▶

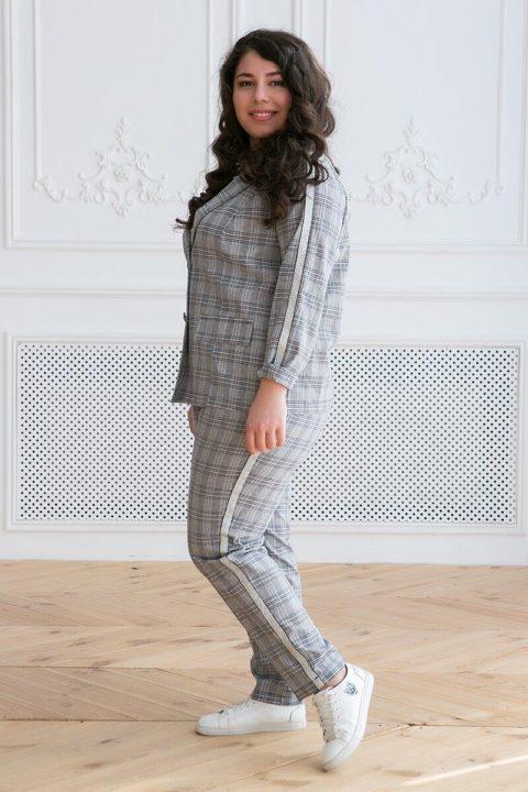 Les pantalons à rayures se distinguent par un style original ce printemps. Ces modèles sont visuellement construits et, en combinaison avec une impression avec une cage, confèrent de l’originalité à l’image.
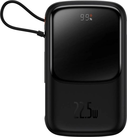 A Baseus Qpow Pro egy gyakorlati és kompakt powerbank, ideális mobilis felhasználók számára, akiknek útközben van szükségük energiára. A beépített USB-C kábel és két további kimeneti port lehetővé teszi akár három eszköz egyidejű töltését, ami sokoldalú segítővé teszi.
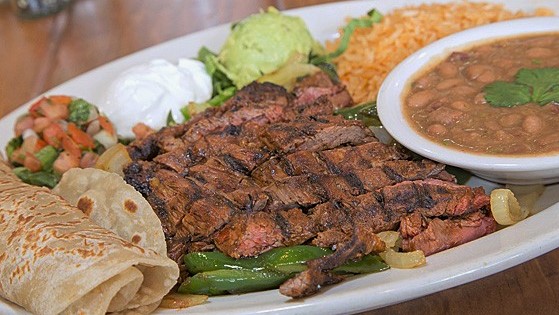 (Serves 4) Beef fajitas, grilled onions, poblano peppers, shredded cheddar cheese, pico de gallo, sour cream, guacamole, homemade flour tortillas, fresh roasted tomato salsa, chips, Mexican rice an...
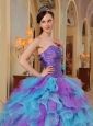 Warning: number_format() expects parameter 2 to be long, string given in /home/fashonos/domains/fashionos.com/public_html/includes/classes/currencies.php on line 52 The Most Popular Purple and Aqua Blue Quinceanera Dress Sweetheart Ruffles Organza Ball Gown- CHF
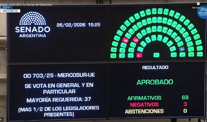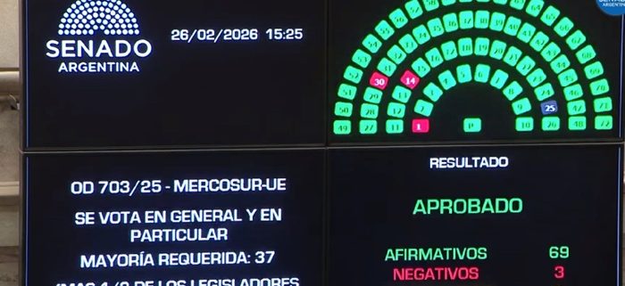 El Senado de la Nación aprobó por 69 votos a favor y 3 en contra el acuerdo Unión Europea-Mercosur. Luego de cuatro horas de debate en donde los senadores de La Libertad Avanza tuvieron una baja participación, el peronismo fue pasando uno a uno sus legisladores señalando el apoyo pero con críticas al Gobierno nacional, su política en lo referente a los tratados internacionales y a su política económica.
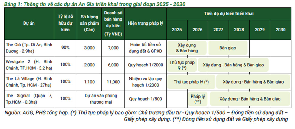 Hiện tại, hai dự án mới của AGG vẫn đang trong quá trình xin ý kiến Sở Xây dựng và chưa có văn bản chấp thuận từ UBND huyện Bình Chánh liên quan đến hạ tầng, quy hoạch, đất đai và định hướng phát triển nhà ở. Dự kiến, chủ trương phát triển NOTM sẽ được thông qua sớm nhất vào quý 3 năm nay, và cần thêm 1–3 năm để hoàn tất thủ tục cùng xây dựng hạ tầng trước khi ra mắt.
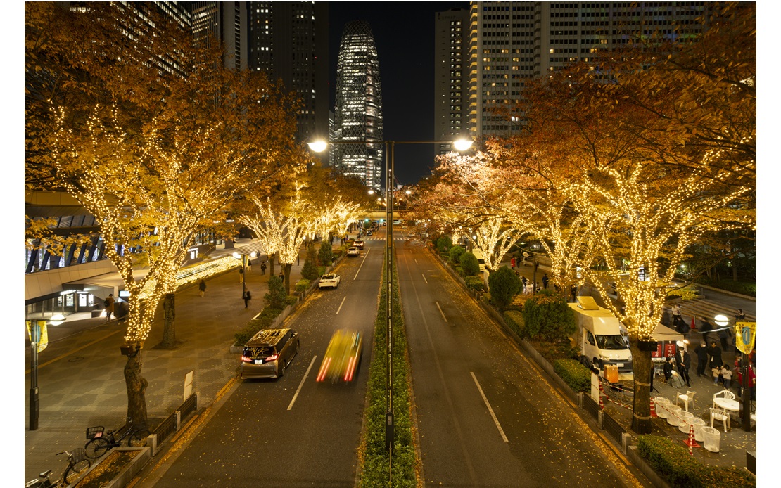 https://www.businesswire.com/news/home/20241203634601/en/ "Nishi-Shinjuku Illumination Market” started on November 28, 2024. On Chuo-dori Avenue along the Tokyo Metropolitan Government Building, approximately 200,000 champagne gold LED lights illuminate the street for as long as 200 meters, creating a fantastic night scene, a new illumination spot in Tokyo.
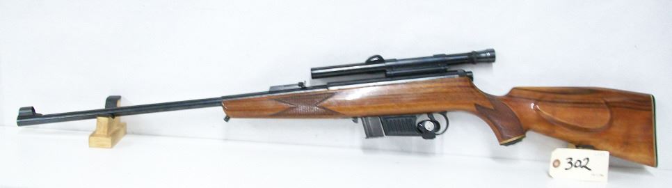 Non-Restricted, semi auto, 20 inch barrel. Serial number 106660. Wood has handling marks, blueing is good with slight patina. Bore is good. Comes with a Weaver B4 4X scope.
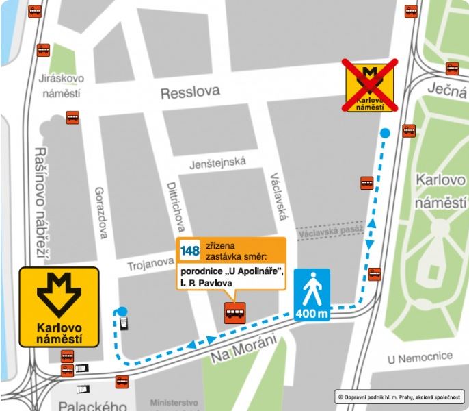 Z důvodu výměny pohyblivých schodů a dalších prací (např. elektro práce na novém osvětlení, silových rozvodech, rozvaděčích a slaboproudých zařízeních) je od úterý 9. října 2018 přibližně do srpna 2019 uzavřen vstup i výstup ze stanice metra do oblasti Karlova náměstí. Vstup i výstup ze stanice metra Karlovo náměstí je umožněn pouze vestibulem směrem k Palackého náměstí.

◀

→ Your goal: If a record contains a picture, leave the picture out and retype everything else exactly.

→ Exercise output:
 Les pantalons à rayures se distinguent par un style original ce printemps. Ces modèles sont visuellement construits et, en combinaison avec une impression avec une cage, confèrent de l’originalité à l’image.
 A Baseus Qpow Pro egy gyakorlati és kompakt powerbank, ideális mobilis felhasználók számára, akiknek útközben van szükségük energiára. A beépített USB-C kábel és két további kimeneti port lehetővé teszi akár három eszköz egyidejű töltését, ami sokoldalú segítővé teszi.
 (Serves 4) Beef fajitas, grilled onions, poblano peppers, shredded cheddar cheese, pico de gallo, sour cream, guacamole, homemade flour tortillas, fresh roasted tomato salsa, chips, Mexican rice an...
 Warning: number_format() expects parameter 2 to be long, string given in /home/fashonos/domains/fashionos.com/public_html/includes/classes/currencies.php on line 52 The Most Popular Purple and Aqua Blue Quinceanera Dress Sweetheart Ruffles Organza Ball Gown- CHF
 El Senado de la Nación aprobó por 69 votos a favor y 3 en contra el acuerdo Unión Europea-Mercosur. Luego de cuatro horas de debate en donde los senadores de La Libertad Avanza tuvieron una baja participación, el peronismo fue pasando uno a uno sus legisladores señalando el apoyo pero con críticas al Gobierno nacional, su política en lo referente a los tratados internacionales y a su política económica.
 Hiện tại, hai dự án mới của AGG vẫn đang trong quá trình xin ý kiến Sở Xây dựng và chưa có văn bản chấp thuận từ UBND huyện Bình Chánh liên quan đến hạ tầng, quy hoạch, đất đai và định hướng phát triển nhà ở. Dự kiến, chủ trương phát triển NOTM sẽ được thông qua sớm nhất vào quý 3 năm nay, và cần thêm 1–3 năm để hoàn tất thủ tục cùng xây dựng hạ tầng trước khi ra mắt.
 https://www.businesswire.com/news/home/20241203634601/en/ "Nishi-Shinjuku Illumination Market” started on November 28, 2024. On Chuo-dori Avenue along the Tokyo Metropolitan Government Building, approximately 200,000 champagne gold LED lights illuminate the street for as long as 200 meters, creating a fantastic night scene, a new illumination spot in Tokyo.
 Non-Restricted, semi auto, 20 inch barrel. Serial number 106660. Wood has handling marks, blueing is good with slight patina. Bore is good. Comes with a Weaver B4 4X scope.
 Z důvodu výměny pohyblivých schodů a dalších prací (např. elektro práce na novém osvětlení, silových rozvodech, rozvaděčích a slaboproudých zařízeních) je od úterý 9. října 2018 přibližně do srpna 2019 uzavřen vstup i výstup ze stanice metra do oblasti Karlova náměstí. Vstup i výstup ze stanice metra Karlovo náměstí je umožněn pouze vestibulem směrem k Palackého náměstí.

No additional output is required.